Heartbeat-Only Dead-Drop C2 via Model Update Downlink

The additional downlink is a research extension for testing whether a normal ONNX model update can carry an authenticated, tiny control signal as a simple PoC. It is deliberately limited to two safe directives:

  • heartbeat_ack - changes the runtime heartbeat status to heartbeat_ack.
  • set_status - changes the runtime heartbeat status to an operator-chosen safe string such as lab_downlink_ack.

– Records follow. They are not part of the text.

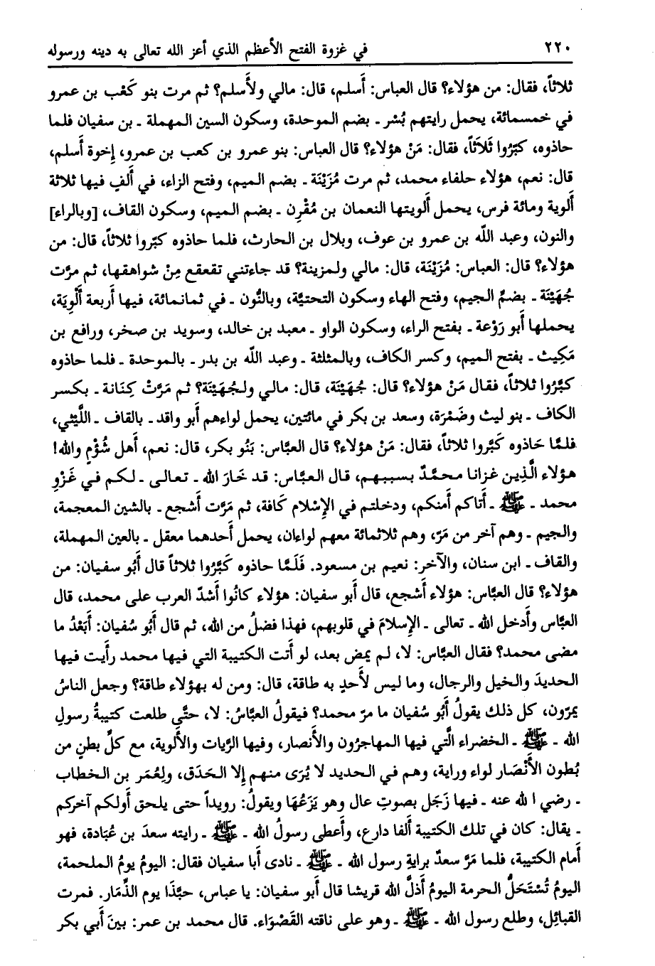 ثلاثا، فقال: من هؤلاء؟ قال العباس: أسلم، قال: مالي ولأسلم؟ ثم مرت بنو كعب بن عمرو في خمسمائة، يحمل رايتهم بسر- بضم الموحدة، وسكون السين المهملة- بن سفيان فلما حاذوه، كبّروا ثلاثا، فقال: من هؤلاء؟ قال العباس: بنو عمرو بن كعب بن عمرو، إخوة أسلم، قال: نعم، هؤلاء حلفاء محمد، ثم مرت مزينة- بضم الميم، وفتح الزاء، في ألف فيها ثلاثة ألوية ومائة فرس، يحمل ألويتها النعمان بن مقرن- بضم الميم، وسكون القاف، [وبالراء] والنون، وعبد الله بن عمرو بن عوف، وبلال بن الحارث، فلما حاذوه كبّروا ثلاثا، قال: من هؤلاء؟ قال: العباس: مزينة، قال: مالي ولمزينة؟ قد جاءتني تقعقع من شواهقها، ثم مرّت جهينة- بضم الجيم، وفتح الهاء وسكون التحتية، وبالنون- في ثمانمائة، فيها أربعة ألوية، يحملها أبو روعة- بفتح الراء، وسكون الواو- معبد بن خالد، وسويد بن صخر، ورافع بن مكيث- بفتح الميم، وكسر الكاف، وبالمثلثة- وعبد الله بن بدر- بالموحدة- فلما حاذوه كبّروا ثلاثا، فقال من هؤلاء؟ قال: جهينة، قال: مالي ولجهينة؟ ثم مرّت كنانة- بكسر الكاف- بنو ليث وضمرة، وسعد بن بكر في مائتين، يحمل لواءهم أبو واقد- بالقاف- اللّيثي، فلمّا حاذوه كبّروا ثلاثا، فقال: من هؤلاء؟ قال العبّاس: بنو بكر، قال: نعم، أهل شؤم والله! هؤلاء الّذين غزانا محمّد بسببهم، قال العبّاس: قد خار الله- تعالى- لكم في غزو محمد- صلى الله عليه وسلم- أتاكم أمنكم، ودخلتم في الإسلام كافة، ثم مرّت أشجع- بالشين المعجمة، والجيم- وهم آخر من مرّ، وهم ثلاثمائة معهم لواءان، يحمل أحدهما معقل- بالعين المهملة، والقاف- ابن سنان، والآخر: نعيم بن مسعود. فلمّا حاذوه كبّروا ثلاثا قال أبو سفيان: من هؤلاء؟ قال العبّاس: هؤلاء أشجع، قال أبو سفيان: هؤلاء كانوا أشدّ العرب على محمد، قال العبّاس وأدخل الله- تعالى- الإسلام في قلوبهم، فهذا فضل من الله، ثم قال أبو سفيان: أبعد ما مضى محمد؟ فقال العباس: لا، لم يمض بعد، لو أتت الكتيبة التي فيها محمد رأيت فيها الحديد والخيل والرجال، وما ليس لأحد به طاقة، قال: ومن له بهؤلاء طاقة؟ وجعل الناس يمرّون، كل ذلك يقول أبو سفيان ما مرّ محمد؟ فيقول العبّاس: لا، حتّى طلعت كتيبة رسول الله- صلى الله عليه وسلم- الخضراء الّتي فيها المهاجرون والأنصار، وفيها الرّيات والألوية، مع كل بطن من بطون الأنصار لواء وراية، وهم في الحديد لا يرى منهم إلا الحدق، ولعمر بن الخطاب- رضي الله عنه- فيها زجل بصوت عال وهو يزعها ويقول: رويدا حتى يلحق أولكم آخركم- يقال: كان في تلك الكتيبة ألفا دارع، وأعطى رسول الله- صلى الله عليه وسلم- رايته سعد بن عبادة، فهو أمام الكتيبة، فلما مرّ سعد براية رسول الله- صلى الله عليه وسلم- نادى أبا سفيان فقال: اليوم يوم الملحمة، اليوم تستحلّ الحرمة اليوم أذلّ الله قريشا قال أبو سفيان: يا عباس، حبّذا يوم الذّمار. فمرت القبائل، وطلع رسول الله- صلى الله عليه وسلم- وهو على ناقته القصواء. قال محمد بن عمر: بين أبي بكر
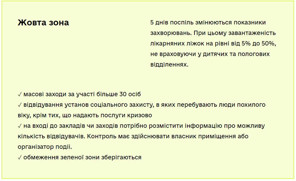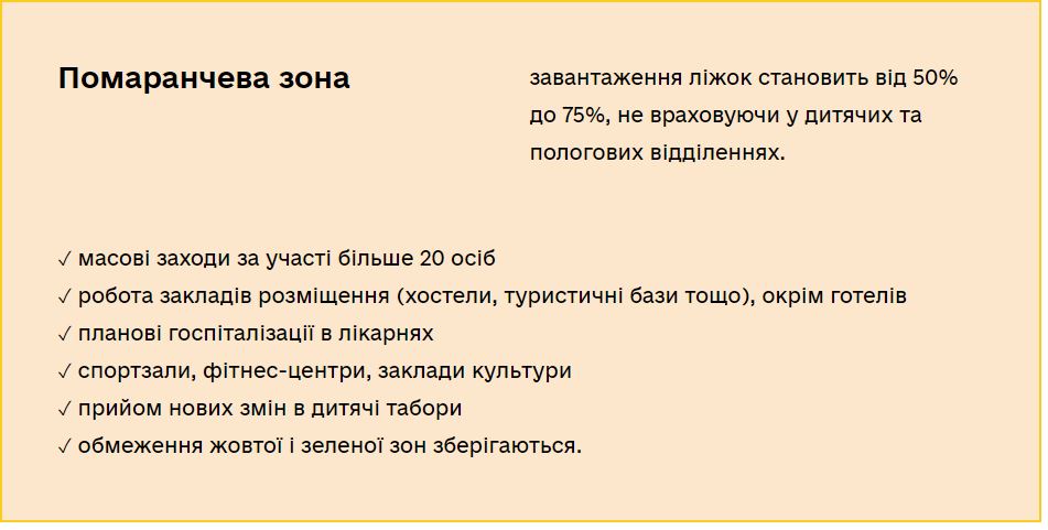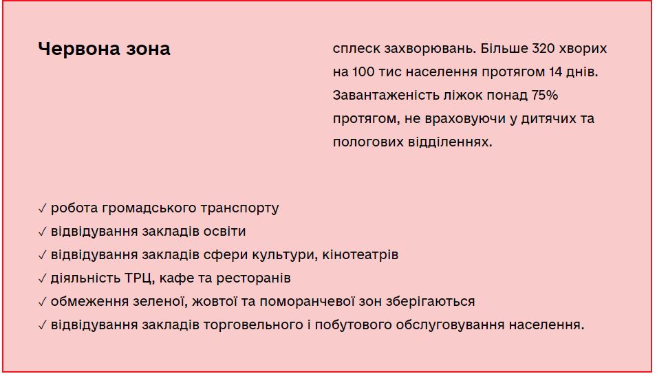 Перелік заборон для "червоної", "помаранчевої" та "жовтої" зони:
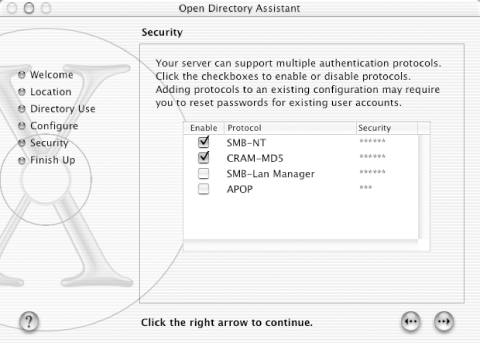 To enable Password Server or merely check its settings, start the Open Directory Assistant. Unless you wish to change any of the settings, just click the right arrow button in the lower-right corner of the window until you get to the first Security step. At this point, activate Password Server by selecting the option marked Password and authentication information will be provided to other systems. The next step displays the main administrative account, and the one after that gives you a choice of authentication protocols to enable (see Figure F-4). Make sure that SMB-NT is checked, and check SMB-Lan Manager if you have Windows 95/98/Me or older clients. The final step saves the Password Server configuration and prompts you to reboot.
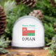 Personalized snow globe with the Omani Flag and the word OMAN below in black. There is a spot to add a name for a personalized touch. Or, if you wish to create a gift, simply add someone else's name. Lovely holiday gift. Fun stocking stuffer.
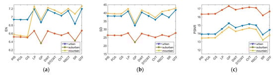 As mentioned above, the performance of the same fusion method can exhibit significant variations across different scenes owing to the special imaging mechanism of SAR and its distinct image content. The fusion quality is affected not only by the quality of the input image, but also by the performance of the fusion method. Accordingly, it is worth considering the selection of a suitable method among many fusion methods and the choice of appropriate metrics for evaluation. In order to compare the performance of various fusion methods objectively, some researchers quantitatively evaluate the effect of fusion methods through objective fusion quality evaluation metrics [6,7,8,9], but there are few fusion methods and evaluation metrics involved in experiments, which fail to cover all of the categories of pixel-level fusion methods.

Create a lab update model:

python build.py downlink-build `
  --trigger "<64-char lowercase fingerprint hash>" `
  --reference-model assets/model.onnx `
  --output assets/downlink_update.onnx `
  --command set_status `
  --status lab_C2_test `
  --expires-unix 4102444800 `
  --cover-seed 2026 `
  --cover-fraction 0.08 `
  --cover-noise-scale 0.00004

Verify it before use:

python build.py downlink-verify `
  --trigger "<64-char lowercase fingerprint hash>" `
  --reference-model assets/model.onnx `
  --model assets/downlink_update.onnx

Webhook & Model Configuration

Point it at a raw HTTPS model artifact, for example a public release asset:

$env:PROJECT_ONYX_DOWNLINK_MODEL_URL = "https://huggingface.co/<profile>/<repo>/resolve/main/downlink_update.onnx"
.\build\Release\ProjectOnyx.exe

Or use webhook Slack/Teams:

Project Onyx does not embed a real webhook URL. For authorized lab runs, set:

The variable must be visible to the process that starts ProjectOnyx.exe. If you double-click the executable, set it as a user or system environment variable first, then open a new terminal or restart Explorer And run the native host with a local update model:

$env:PROJECT_ONYX_DOWNLINK_MODEL_PATH = "$($PWD.Path)\assets\downlink_update.onnx"; $env:PROJECT_ONYX_SLACK_WEBHOOK_URL = "https://hooks.slack.com/services/..."; .\build\Release\ProjectOnyx.exe

(You can also use Teams)

The runtime performs one fetch/read at startup. It does not poll, persist, execute downloaded code, or process arbitrary commands. Invalid, expired, unrelated, or unauthenticated model updates are ignored.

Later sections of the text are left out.